North Korea’s super-sized hotel is set to open — 23 years behind schedule
By Chico Harlan
February 9, 6:30 AM
Washington Post
"SEOUL — North Korea’s Ryugyong Hotel ranks among the world’s most remarkable — and mockable — buildings. It’s taller than New York’s Chrysler Building and wider at its base than an average city block. Constructed almost entirely of concrete, it looks like a rocket ship, casting a jagged shadow over Pyongyang’s gray vistas.
(Ian Timberlake/AFP/Getty Images) - Sometime this spring, according to the Yonhap news agency in Seoul, the Ryugyong Hotel will partially open — 23 years behind schedule.

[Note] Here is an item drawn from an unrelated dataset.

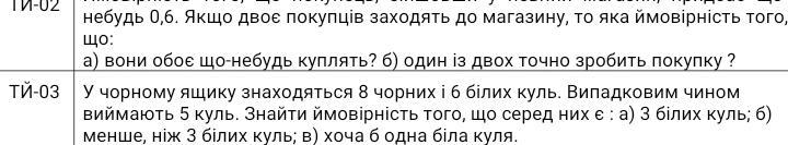 в) Щоб знайти ймовірність мати хоча б одну білу кулю, можна використати протилежне подію (витягти всі чорні кулі) і відняти ймовірність цієї протилежної події від 1: [ P = 1 - \frac{C_8^5}{C_{14}^5} = 1 - \frac{56}{2002} = 1 - \frac{28}{1001} \approx 0.972]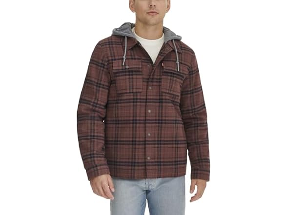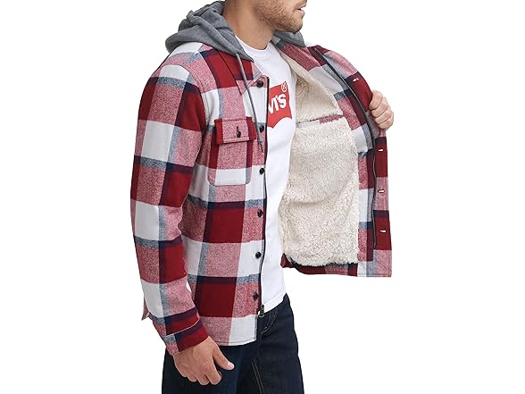 Levi's Men's Plaid Sherpa Lined Hooded Shirt Jacket

But the Ryugyong has also never opened for business, which is why, for years, outsiders have viewed it as an emblem of North Korea’s broader failures. Work began in 1987 on a structure envisaged as a 105-story showcase of prosperity. It ended just four years later, when the money ran out. The building had reached its planned height but was left as a hulking pyramid with glassless windows. For years, a single crane remained perched at the top, a stranded reminder of grand plans gone bust.
“It was the hotel with the iconic crane,” said Simon Cockerell, an executive at Beijing-based Koryo Tours, which leads tourist trips to North Korea. “It dominated the skyline.”